++++ MATERIAL FOR THIS EXERCISE
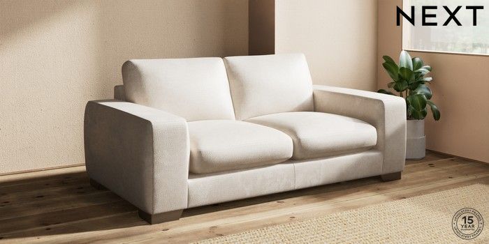 7.2.10 Houghton Deep Sit 3 Seater Small Sofa Plush Chenille Oyster Large Square Angle - Gunmetal | Made Click here to use our website with more accessibility support, for example screen readers
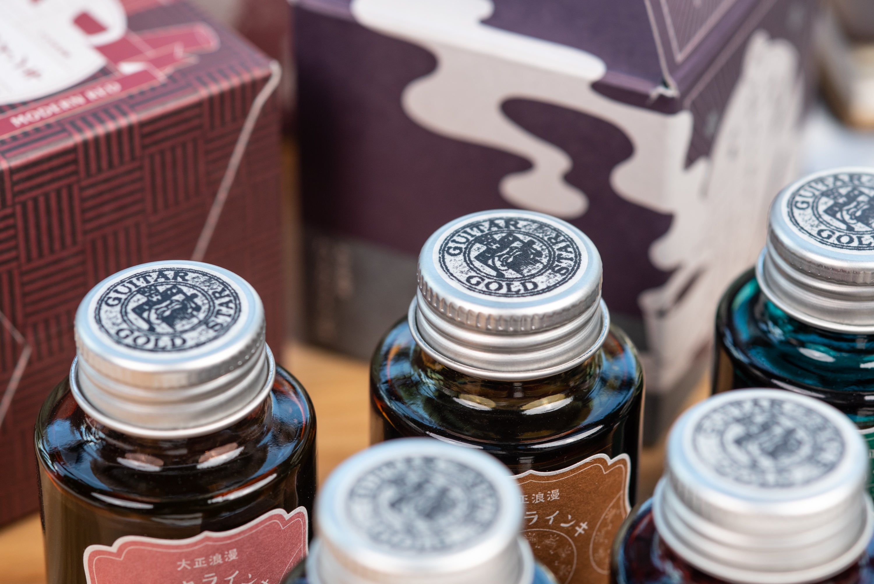 Both Teranishi and its Guitar Brand have endured for over a century, from the optimism of the Taisho period through the turmoil of war and the development of Japan as a major economic and cultural power. These inks, first introduced in 2021, offer a look back at a special moment in Japanese history, significant not only for this manufacturer but for the country as a whole. Each one is inspired by the fashions of Taisho Roman Japan, with stylish, showy colors that make a bold statement.
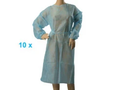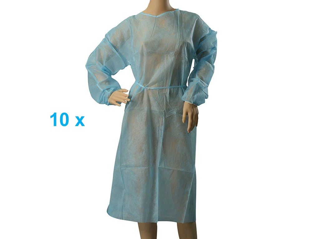 Schutzkittel aus PP, laminiert mit PE, mit elastischen Bündchen und Bändern am Hals zum Schutz vor Infektionen.
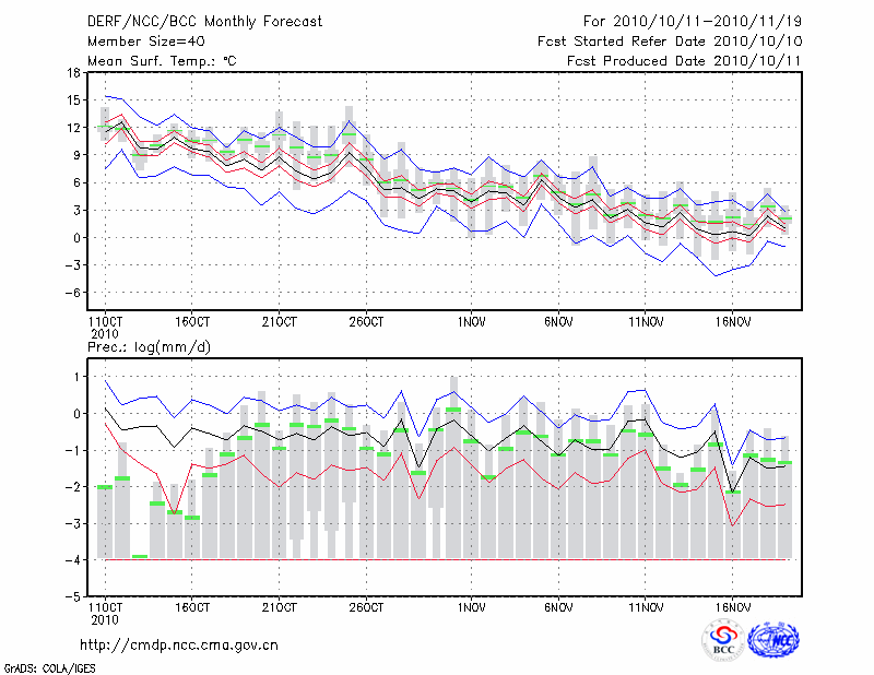 榆 林 (LAT:38.23 LON:109.70) 2010-10-11        预测
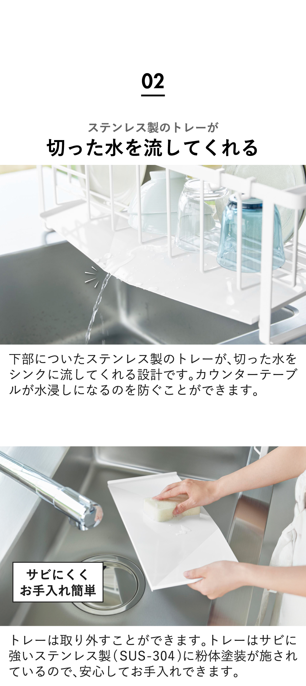 サビや水に強いステンレス製(SUS-304)なので、安心して洗えます。
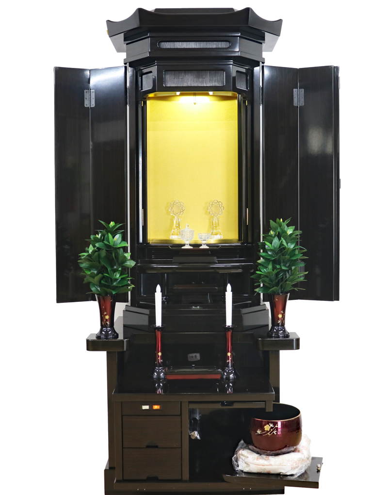 このお仏壇は厨子型収納仏壇の中でデザイン・サイズなどから1番人気の仏壇です。最近ではイスでの勤行・唱題にもご本尊様との目線もちょうど良いと評判もいただいております。現在でも当店にて新品仏具付現金大特価415,000円で販売中の「新創春」の中古仏壇です。
++++++++
Would you transcribe all of the data exactly, omitting any pictures?

 7.2.10 Houghton Deep Sit 3 Seater Small Sofa Plush Chenille Oyster Large Square Angle - Gunmetal | Made Click here to use our website with more accessibility support, for example screen readers
 Both Teranishi and its Guitar Brand have endured for over a century, from the optimism of the Taisho period through the turmoil of war and the development of Japan as a major economic and cultural power. These inks, first introduced in 2021, offer a look back at a special moment in Japanese history, significant not only for this manufacturer but for the country as a whole. Each one is inspired by the fashions of Taisho Roman Japan, with stylish, showy colors that make a bold statement.
 Schutzkittel aus PP, laminiert mit PE, mit elastischen Bündchen und Bändern am Hals zum Schutz vor Infektionen.
 榆 林 (LAT:38.23 LON:109.70) 2010-10-11        预测
 サビや水に強いステンレス製(SUS-304)なので、安心して洗えます。
 このお仏壇は厨子型収納仏壇の中でデザイン・サイズなどから1番人気の仏壇です。最近ではイスでの勤行・唱題にもご本尊様との目線もちょうど良いと評判もいただいております。現在でも当店にて新品仏具付現金大特価415,000円で販売中の「新創春」の中古仏壇です。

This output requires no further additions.